I think it highly unlikely that the initiator and the new person they were driven to be with will ever find anything like the happiness they had before it all started. Even the new guy will have trust issues as he knows he is with a woman who chose to be unfaithful to her husband. Plus he’ll more than likely be blamed by her for breaking up her marriage, so she’ll resent him somewhere down the line.

And then after all that as you say the wondering wife, if she does ever try and get back with her husband will eventually wake up and understand that he truly has moved on and wants nothing to do with her unless dependent children are involved.

Bob


----------



## Wisp (Jul 17, 2010)

The affair is not over until she c*eases to contact him*

Create a journal; you need to right down the history of what has happened.
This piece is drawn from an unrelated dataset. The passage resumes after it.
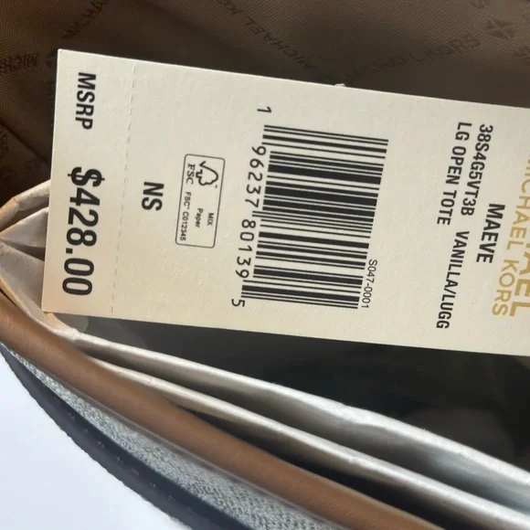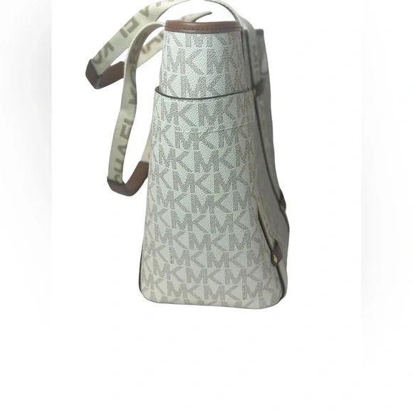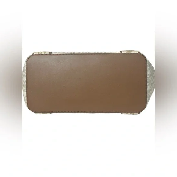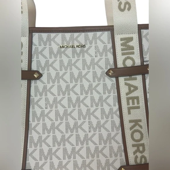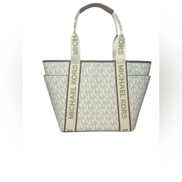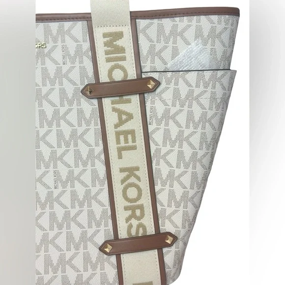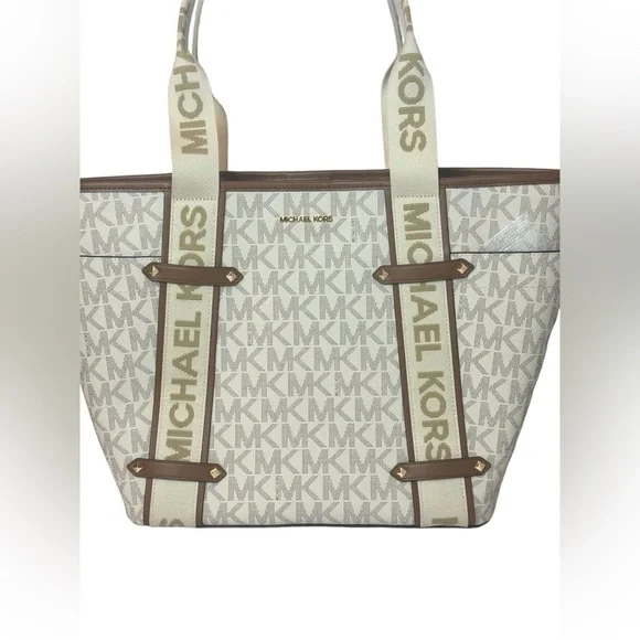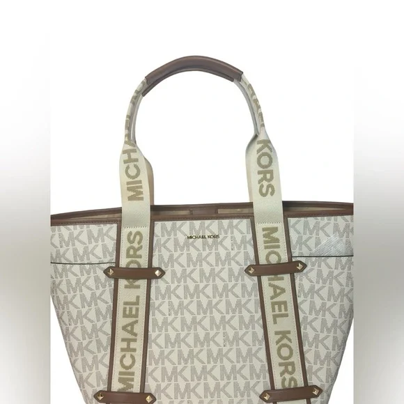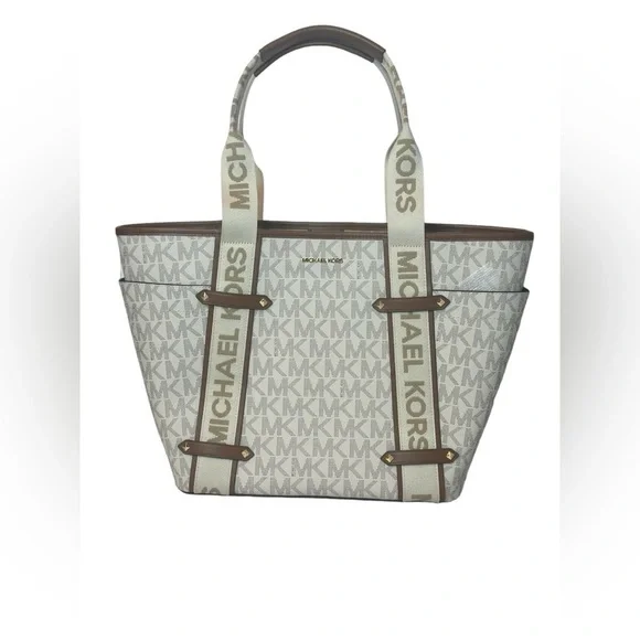This Michael Kors Maeve tote is the perfect addition to any wardrobe. With a spacious interior and multiple pockets, it's both practical and stylish. The exterior is made of durable canvas and leather, with a pebbled finish and applique accents. The gold-plated hardware adds a touch of luxury, while the double handles make it easy to carry. This tote is the ideal accessory for any woman on the go.

Share this with whoever cares even her family use this under the context of recovering the marriage. 

Find details on the OM , numbers , married , etc as much as you can - out him to his wife - keep him busy and off your wife.

Follow AFEH's advice even use the following link to confirming where she is in this EA and let her see for herself what she has become. 

Infidelity, Cheating Wives - Women's Infidelity

You need to break to contact with the OM somehow.

There is a Plan A and B on this forum start following it you are in for a rough ride, the longer you wait to start the worse it gets. Tanelornpete has it in one of his threads if you cant find it Private Message him


----------



## smitty9 (Jan 10, 2010)

Thanks everybody for the responses. I agree with most of you on what you are saying and am already going a good bit of what you are saying to do. I am pretty sure that she has contacted this person in a good while, and the person has changed jobs a good while ago as well. The thing that concerns me now, is the others at her work who (from what I've heard) all have these little affairs/fantasies with others. I don't know of anything else that has happened, but the other side of it a couple of her good friends are going through divorces/just got divorced and i could see her following in their footsteps. I do plan on having a private talk with her and even writing some things down for her to ponder. I love her dearly, but something has to change


----------



## Wisp (Jul 17, 2010)

Perhaps during your conversations make it clear that you both will continue work on your relationship and somewhere in the conversation state that divorce is not an option,,,"just because your friends are doing it does not means we are" type comment.

Put a clear line in the sand that you are more than prepared to fight for the love of your wife. A clear distinction between her and her friends is you love her enough to keep the marriage intact


----------